All about flooble | fun stuff | Get a free chatterbox | Free JavaScript | Avatars    
perplexus dot info

Home > Numbers > Sequences
Cross Product Equality Settlement (Posted on 2010-10-04) Difficulty: 2 of 5
A sequence {xn} is defined as:
x1 = 2, and:
n*xn = 2(2n-1)*xn-1, whenever n ≥ 2

Prove that xn is always an integer for every positive integer value of n.

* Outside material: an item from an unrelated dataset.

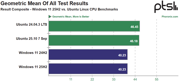 Det fremgår af netmediet Phoronix’ undersøgelse, hvor en samling benchmark-test afvikles på både den forrige og kommende version af Windows.

See The Solution Submitted by K Sengupta    
Rating: 3.5000 (2 votes)

Comments: ( Back to comment list | You must be logged in to post comments.)
Possible Solution | Comment 1 of 2

The easiest way to approach this is to look for n as a factor in the (n-1)th or earlier terms of x since the RHS is multiplied by x(n-1) and then divided by n, to produce xn. Then we see immediately that each successive 2(2n-1) incorporates a 'bow-wave' of numbers whose factors are potential divisors of the subsequent values of x, in ample time for them to be 'knocked out' again by being divided out by some n, so that there are always sufficient matching factors available for the division. For example, the factor 7 appears when n=4, well in advance of n = 7; and again at n = 11 (and every subsequent n = 7k-3) in good time to divide out the n's having 7 as a factor.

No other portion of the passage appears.